Nowy Ford wygląda świetnie
Następca Mondeo i Fusion został niedawno przyłapany na testach w Niemczech. Jego nadwozie przypomina sedana z linią dachu inspirowaną coupé, która łagodnie opada na drzwi bagażnika. Opierając się na tej konkretnej obserwacji w internecie szybko pojawiły się rendery pokazujące, jak może wyglądać nowy Ford.

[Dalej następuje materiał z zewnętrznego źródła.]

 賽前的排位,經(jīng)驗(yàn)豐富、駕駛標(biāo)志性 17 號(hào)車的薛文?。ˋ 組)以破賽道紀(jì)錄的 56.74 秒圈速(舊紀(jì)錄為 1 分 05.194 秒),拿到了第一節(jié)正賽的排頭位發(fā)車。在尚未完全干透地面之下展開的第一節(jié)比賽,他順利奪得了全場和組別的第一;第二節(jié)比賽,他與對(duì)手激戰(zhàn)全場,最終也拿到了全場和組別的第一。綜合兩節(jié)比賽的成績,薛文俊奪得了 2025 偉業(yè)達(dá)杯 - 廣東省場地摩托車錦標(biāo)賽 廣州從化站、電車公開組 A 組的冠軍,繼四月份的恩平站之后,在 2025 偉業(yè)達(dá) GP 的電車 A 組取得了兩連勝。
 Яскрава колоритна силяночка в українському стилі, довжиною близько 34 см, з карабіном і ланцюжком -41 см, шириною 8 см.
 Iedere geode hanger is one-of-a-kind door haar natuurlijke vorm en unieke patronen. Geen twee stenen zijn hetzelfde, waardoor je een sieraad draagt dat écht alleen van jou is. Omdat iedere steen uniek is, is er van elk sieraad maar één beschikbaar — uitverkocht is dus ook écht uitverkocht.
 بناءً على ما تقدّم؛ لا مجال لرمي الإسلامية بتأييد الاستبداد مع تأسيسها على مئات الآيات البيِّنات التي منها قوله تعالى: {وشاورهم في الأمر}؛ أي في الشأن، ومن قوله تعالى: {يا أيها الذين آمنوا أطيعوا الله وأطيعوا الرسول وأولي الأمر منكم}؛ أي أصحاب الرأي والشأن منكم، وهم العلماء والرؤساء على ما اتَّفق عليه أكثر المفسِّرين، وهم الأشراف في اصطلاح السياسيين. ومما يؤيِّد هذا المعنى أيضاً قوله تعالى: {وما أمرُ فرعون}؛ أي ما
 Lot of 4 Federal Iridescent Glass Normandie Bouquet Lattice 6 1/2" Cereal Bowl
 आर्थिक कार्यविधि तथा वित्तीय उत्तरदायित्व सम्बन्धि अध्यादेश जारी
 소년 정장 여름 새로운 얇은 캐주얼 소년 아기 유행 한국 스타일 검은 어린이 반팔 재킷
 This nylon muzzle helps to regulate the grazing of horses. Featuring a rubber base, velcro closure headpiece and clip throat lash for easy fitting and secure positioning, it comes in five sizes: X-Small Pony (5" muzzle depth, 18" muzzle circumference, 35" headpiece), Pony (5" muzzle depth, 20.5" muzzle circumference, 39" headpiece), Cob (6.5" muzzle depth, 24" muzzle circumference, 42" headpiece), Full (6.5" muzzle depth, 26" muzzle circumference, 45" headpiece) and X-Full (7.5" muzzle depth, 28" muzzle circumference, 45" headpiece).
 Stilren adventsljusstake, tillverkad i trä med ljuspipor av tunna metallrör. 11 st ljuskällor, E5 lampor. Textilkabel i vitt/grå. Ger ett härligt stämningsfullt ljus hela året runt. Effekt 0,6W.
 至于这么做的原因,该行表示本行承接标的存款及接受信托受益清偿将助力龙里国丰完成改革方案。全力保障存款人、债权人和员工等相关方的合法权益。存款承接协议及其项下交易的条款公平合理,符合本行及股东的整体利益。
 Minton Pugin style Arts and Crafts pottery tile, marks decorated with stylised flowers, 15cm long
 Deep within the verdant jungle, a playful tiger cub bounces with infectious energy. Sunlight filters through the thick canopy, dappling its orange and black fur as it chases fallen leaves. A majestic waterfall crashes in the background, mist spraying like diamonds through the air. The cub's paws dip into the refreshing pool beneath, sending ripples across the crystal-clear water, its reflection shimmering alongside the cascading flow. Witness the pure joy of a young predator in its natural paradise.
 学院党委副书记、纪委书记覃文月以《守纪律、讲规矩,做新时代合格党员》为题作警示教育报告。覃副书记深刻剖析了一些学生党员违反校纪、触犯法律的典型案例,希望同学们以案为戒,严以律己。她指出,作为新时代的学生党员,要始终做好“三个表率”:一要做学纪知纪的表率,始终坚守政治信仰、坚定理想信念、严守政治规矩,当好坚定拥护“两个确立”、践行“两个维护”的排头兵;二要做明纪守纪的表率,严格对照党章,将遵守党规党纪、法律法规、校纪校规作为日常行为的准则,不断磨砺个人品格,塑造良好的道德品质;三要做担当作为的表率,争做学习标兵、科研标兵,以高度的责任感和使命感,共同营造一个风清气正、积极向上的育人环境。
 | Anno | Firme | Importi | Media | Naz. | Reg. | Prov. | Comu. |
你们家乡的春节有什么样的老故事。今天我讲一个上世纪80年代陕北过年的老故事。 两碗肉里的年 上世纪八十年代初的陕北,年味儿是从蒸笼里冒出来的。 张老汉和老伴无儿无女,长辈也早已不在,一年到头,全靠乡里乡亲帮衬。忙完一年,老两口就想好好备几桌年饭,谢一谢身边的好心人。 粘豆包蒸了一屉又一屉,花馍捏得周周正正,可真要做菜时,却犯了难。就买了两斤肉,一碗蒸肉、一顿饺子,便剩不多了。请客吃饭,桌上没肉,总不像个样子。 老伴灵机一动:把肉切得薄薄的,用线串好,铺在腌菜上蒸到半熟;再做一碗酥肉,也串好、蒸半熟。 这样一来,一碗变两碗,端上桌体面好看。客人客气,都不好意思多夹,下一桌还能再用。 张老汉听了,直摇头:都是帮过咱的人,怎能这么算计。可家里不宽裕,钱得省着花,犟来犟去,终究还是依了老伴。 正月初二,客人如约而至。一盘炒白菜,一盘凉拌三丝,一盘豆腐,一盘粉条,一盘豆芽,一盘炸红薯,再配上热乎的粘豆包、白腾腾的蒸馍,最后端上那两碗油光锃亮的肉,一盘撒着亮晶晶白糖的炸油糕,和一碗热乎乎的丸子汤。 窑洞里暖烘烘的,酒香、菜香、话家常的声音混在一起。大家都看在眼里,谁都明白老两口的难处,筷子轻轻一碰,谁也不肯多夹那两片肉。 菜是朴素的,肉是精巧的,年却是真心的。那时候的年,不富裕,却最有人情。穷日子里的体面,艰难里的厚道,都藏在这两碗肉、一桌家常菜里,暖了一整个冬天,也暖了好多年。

Kleber Silva, który stworzył grafiki, nie zapomniał również o połączeniu w pełni diodowych reflektorów z listwą świetlną, nadając nowemu Mondeo nowoczesny, charakterystyczny wygląd z przodu. Stylistyka listwy świetlnej ma również swoje odzwierciedlenie z tyłu.
Ten Ford najprawdopodobniej dostanie dwa zelektryfikowane układy napędowe w Europie. Będą to 2,5-litrowe opcje hybrydowe i hybrydowe typu plug-in, które znamy z modelu Kuga. Te silniki są jedynym możliwym sposobem dla Forda, aby sprzedawać model na Starym Kontynencie, gdy pojawi się nowa norma emisji spalin Euro 7.
A co z kombi?
Amerykański rynek, gdzie klienci Fusion przeszli na Hondy i Toyoty, otrzyma przeprojektowanego 2-litrowego EcoBoosta z Bronco Sport. Czterocylindrowa jednostka będzie generować 250 KM i dysponować momentem 373 Nm. Zelektryfikowane opcje powinny mieć bezstopniową przekładnię.
Ford zrezygnował ze starego Fusion w Stanach już pod koniec 2020, więc będzie musiał spieszyć się z następcą. Według niektórych plotek, producent chce podebrać klientów Subaru Outback, jednak aby do tego doszło, nowe Mondeo-Fusion musiałby otrzymać także wersję kombi.